While these limitations exist, a few studies explore RL approaches for improving energy efficiency in different robotic domains. Algorithms, such as proximal policy optimization (PPO), asynchronous advantage actor–critic (A3C), deep deterministic policy gradient (DDPG), recurrent DQN, and trust region policy optimization (TRPO), have been exploited to solve path planning and navigation tasks in mobile robots [30]. Among these algorithms, PPO and A3C have gained prominence due to their stability, ease of implementation, and ability to handle high-dimensional action spaces. TRPO restricts policy updates by constraints, and DDPG, whose policy is deterministic, is not suitable for complex tasks. Further, few studies have explored RL approaches for improving energy efficiency in different robotics domains. For example, in [31], the authors proposed an energy-efficient path planning approach using a Q-learning algorithm in mobile robots, while [32] use an RL approach with the proximal policy optimization (PPO) approach to produce an energy-efficient gait. However, the paper did not include the real trials of the physical robot to validate the proposed theoretical framework. Similarly, in [33], the authors incorporated a deep inverse RL method in a legged robot, where they introduce a preference label based on trajectory ranking; hence the inferred reward map results in a more energy-efficient policy.

Reinforcement learning (RL) has been studied in reconfigurable robots due to their simplicity and adaptability. For example, in [34], the authors introduce a deep RL approach for the hardware design of a reconfigurable legged robot. This approach identified the best crawling motion for the robot in a given environment by modifying its structure. Similarly, in [35], the authors present an RL-based approach for a staircase-climbing robot. The robot learned to safely climb staircases of different sizes using this approach. Additionally, the authors present a unified approach for locomotion and manipulation in a reconfigurable robotics limb using RL in [36]. This approach allows the skills to be shared between manipulation and locomotion. The RL approach has also been widely adopted for area coverage tasks in reconfigurable robots. For instance, in [37], the author presents strategies to overcome obstacles optimally in a reconfigurable robot named RSTAR using Q-learning. Energy-aware complete coverage for a reconfigurable robot named hrombo is reported in [38]. The author identified the optimal trajectories to cover the given map using RL by modeling the problem as the traveling salesman problem (TSP). Similarly, in [39], the author use the LSTM with the actor–critic experience replay (ACER) RL algorithm to generate optimal trajectories to cover the given environment. Similarly, a few coverage approaches using RL have been explored in reconfigurable robots [40,41]. However, all the RL-based approaches that have been studied in self-reconfigurable robots have primarily reported on identifying optimal trajectories for a set of configurations. Moreover, the exiting approaches did not focused on finding the optimal morphology for a given map that maximizes area coverage and minimizes energy consumption which is the focus of the present work.

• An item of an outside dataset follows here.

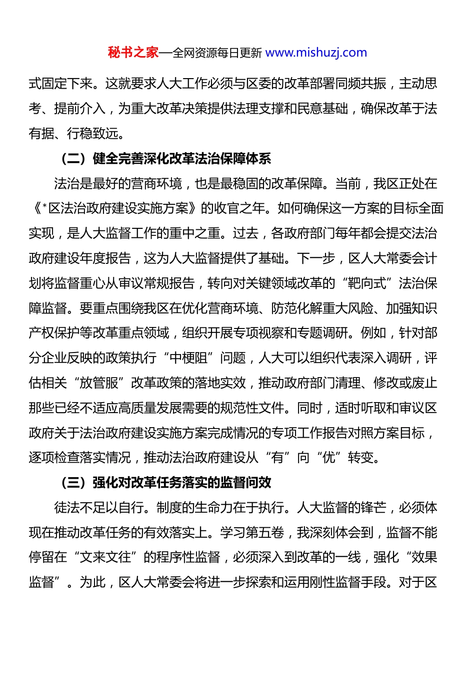 秘书之家—全网资源每日更新 www.mishuzj.com在区委理论学习中心组专题学习会上学习治国理政第五卷的发言材料近期,通过对《***谈治国理政》第五卷的深入学习,我深受教育、备受启发。这部重要著作集中反映了**************思想的最新发展,是指导我们认识世界、改造世界的强大思想武器。作为区人大常委会的负责同志,我结合人大工作实际,聚焦如何将学习成果转化为推动*区高质量发展的具体行动,谈几点认识、体会与打算。我不谈具体工作成绩,主要围绕认识和思路,向各位同志作一个汇报。一、把握“关键一招”,以法治保障引领改革纵深推进《***谈治国理政》第五卷深刻阐明,改革与法治如鸟之两翼、车之两轮,必须一体部署、一体推进。当前,改革已进入攻坚期和深水区,面对的都是难啃的“硬骨头”。作为地方国家权力机关,人大必须发挥法治的规范、引领和保障作用,确保每一项改革都在法治轨道上有序进行,确保改革成果经得起历史和人民的检验。(一)深刻领会全面深化改革核心要义学习第五卷让我更加清醒地认识到,全面深化改革的总目标是完善和发展中国特色社会主义制度,推进国家治理体系和治理能力现代化。这要求我们的改革不能是零敲碎打、头痛医头,而必须是系统集成、协同高效的制度创新。对于*区而言,无论是产业转型、城市更新,还是社会治理、民生改善,都迫切需要破除体制机制障碍。人大的根本任务,就是要通过法定程序,将*的改革主张转化为全区人民的共同意志,并以法律法规的形秘书之家—全网资源每日更新 www.mishuzj.com式固定下来。这就要求人大工作必须与区委的改革部署同频共振,主动思考、提前介入,为重大改革决策提供法理支撑和民意基础,确保改革于法有据、行稳致远。(二)健全完善深化改革法治保障体系法治是最好的营商环境,也是最稳固的改革保障。当前,我区正处在《*区法治政府建设实施方案》的收官之年。如何确保这一方案的目标全面实现,是人大监督工作的重中之重。过去,各政府部门每年都会提交法治政府建设年度报告,这为人大监督提供了基础。下一步,区人大常委会计划将监督重心从审议常规报告,转向对关键领域改革的“靶向式”法治保障监督。要重点围绕我区在优化营商环境、防范化解重大风险、加强知识产权保护等改革重点领域,组织开展专项视察和专题调研。例如,针对部分企业反映的政策执行“中梗阻”问题,人大可以组织代表深入调研,评估相关“放管服”改革政策的落地实效,推动政府部门清理、修改或废止那些已经不适应高质量发展需要的规范性文件。同时,适时听取和审议区政府关于法治政府建设实施方案完成情况的专项工作报告对照方案目标,逐项检查落实情况,推动法治政府建设从“有”向“优”转变。(三)强化对改革任务落实的监督问效徒法不足以自行。制度的生命力在于执行。人大监督的锋芒,必须体现在推动改革任务的有效落实上。学习第五卷,我深刻体会到,监督不能停留在“文来文往”的程序性监督,必须深入到改革的一线,强化“效果监督”。为此,区人大常委会将进一步探索和运用刚性监督手段。对于区秘书之家—全网资源每日更新 www.mishuzj.com委确定的重大改革项目,如*研发及制造中心、*精品包装研发生产基地等产业项目的推进,人大将通过“嵌入式”监督,跟踪项目审批、土地供应、要素保障等环节的法治状况。对于社会关注度高、与群众利益密切相关的改革事项,如下放行政执法权的承接与运行情况,可以依法启动询问、质询等监督方式,推动问题解决。此外,还计划引入“立法后评估”机制,对过去几年区人大及其常委会出台的地方性规范文件,特别是涉及经济社会管理方面的,开展实施效果评估,检验其是否真正达到了促进改革、服务发展的预期目标,并根据评估结果提出“立改废释”的建议,形成“决策—立法—实施—监督—评估—再立法”的闭环管理,确保法治对改革的保障精准有效。二、聚焦“核心动力”,以创新动能驱动高质量发展第五卷用大量篇幅论述了高质量发展和科技自立自强。******提出的“新质生产力”概念,为我们指明了发展的未来方向。*区作为*市的中心城区,工业基础较好,但传统动能减弱的压力同样存在。推动高...

Shape Optimization Using Reinforcement Learning: In recent years, reinforcement learning (RL) has been extensively used to address the shape optimization problem. For example, in [42], the authors use deep RL for airfoil shape optimization. The RL agent modifies the shape of the 2D airfoil within geometric constraints, and it is run on a low-fidelity external solver to calculate the reward. Through training, the agent is able to generate high-efficiency airfoils. Similarly, in [43], the authors present a novel optimizer for aerodynamic shape optimization that uses RL. The optimizer, based on reinforcement learning and transfer learning, can significantly reduce the computational time required for aerodynamic shape optimization. In [44], the authors proposed a novel RL-based shape optimization algorithm for aerodynamic mitigation of wind-sensitive structures. The algorithm uses transfer learning and meta-learning to learn a policy that can quickly adapt to new environments. These are just a few examples of the many recent studies that have applied RL to shape optimization in fluid mechanics [45,46,47,48,49]. These studies have showcased the adaptability of RL algorithms in fluid mechanics, demonstrating promising results for shape optimization tasks. However, it is important to note that they have only been applied and studied extensively in fluid mechanics. The effectiveness of RL algorithms in the context of optimal morphology generation in a reconfigurable robot remains an open question.

Our work builds upon the advancements in reinforcement learning (RL)-driven shape optimization, aiming to extend these capabilities into the domain of reconfigurable robotics. By leveraging RL methodologies, our approach aims to address the unique challenge of generating optimal robot morphologies that maximize area coverage while minimizing energy consumption—a problem that remains largely unexplored within this field. We use the proximal policy optimization (PPO) and asynchronous advantage actor–critic (A3C) RL algorithms to achieve this goal.

3. Deep Reinforcement Learning (DRL)

Reinforcement learning is an iterative process in which an agent learns how to behave in an environment by performing a certain set of actions and observing the result or rewards of those actions [50]. At each time step, the agent observes the current state

s_{t}

of the environment and chooses an action

a_{t}

. This action prompts the transition to the next state

s_{t + 1}

, and the agent receives the reward

r_{t}

. This process continues until the agent meets the certain mean reward or termination criteria, as shown in Figure 1. The agent’s main objective is to learn a sequence of steps or actions that maximizes the reward over an episode or scenario.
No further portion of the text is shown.